Exercise details: Please copy exactly the part of the records below that opens with the line containing "욥과 함께 큼지막한 머그컵에 따듯한 차를 담아" and closes with the line containing "플랫폼에 안내 멘트가", leaving out any pictures.

Extracted entries:
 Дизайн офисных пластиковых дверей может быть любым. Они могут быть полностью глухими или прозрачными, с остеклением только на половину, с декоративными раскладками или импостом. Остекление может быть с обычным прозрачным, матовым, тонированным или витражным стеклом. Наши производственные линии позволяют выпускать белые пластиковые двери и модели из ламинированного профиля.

--

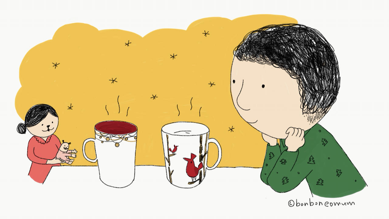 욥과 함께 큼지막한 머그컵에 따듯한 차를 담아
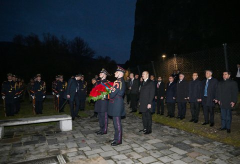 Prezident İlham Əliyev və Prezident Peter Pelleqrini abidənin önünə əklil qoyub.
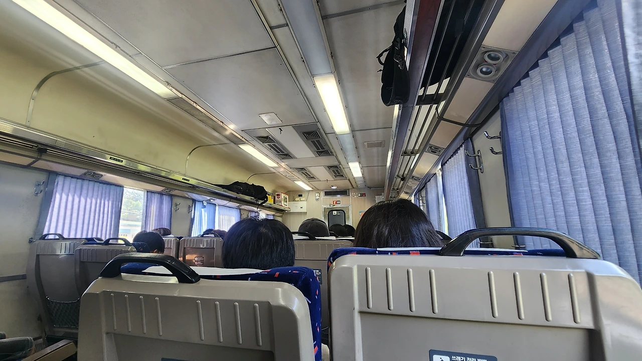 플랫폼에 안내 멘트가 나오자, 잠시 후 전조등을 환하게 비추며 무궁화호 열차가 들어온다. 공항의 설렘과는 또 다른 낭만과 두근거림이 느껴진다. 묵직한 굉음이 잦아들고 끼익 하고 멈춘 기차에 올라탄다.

--

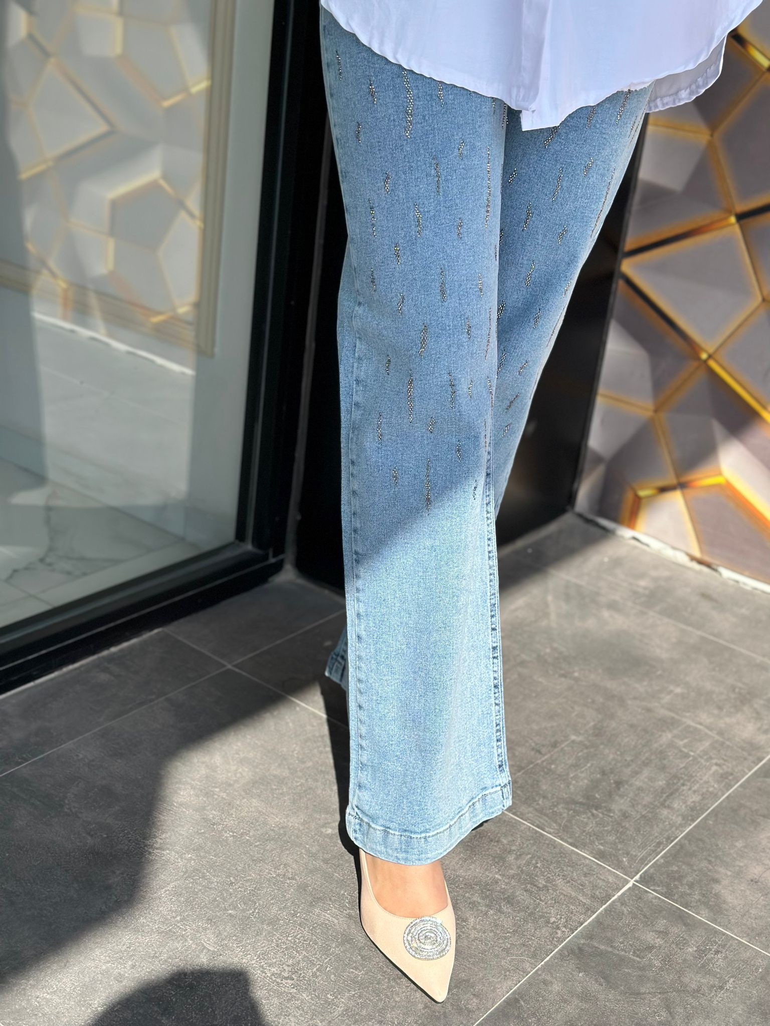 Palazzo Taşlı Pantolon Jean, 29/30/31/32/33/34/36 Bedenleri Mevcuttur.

Output below:
 욥과 함께 큼지막한 머그컵에 따듯한 차를 담아
 Prezident İlham Əliyev və Prezident Peter Pelleqrini abidənin önünə əklil qoyub.
 플랫폼에 안내 멘트가 나오자, 잠시 후 전조등을 환하게 비추며 무궁화호 열차가 들어온다. 공항의 설렘과는 또 다른 낭만과 두근거림이 느껴진다. 묵직한 굉음이 잦아들고 끼익 하고 멈춘 기차에 올라탄다.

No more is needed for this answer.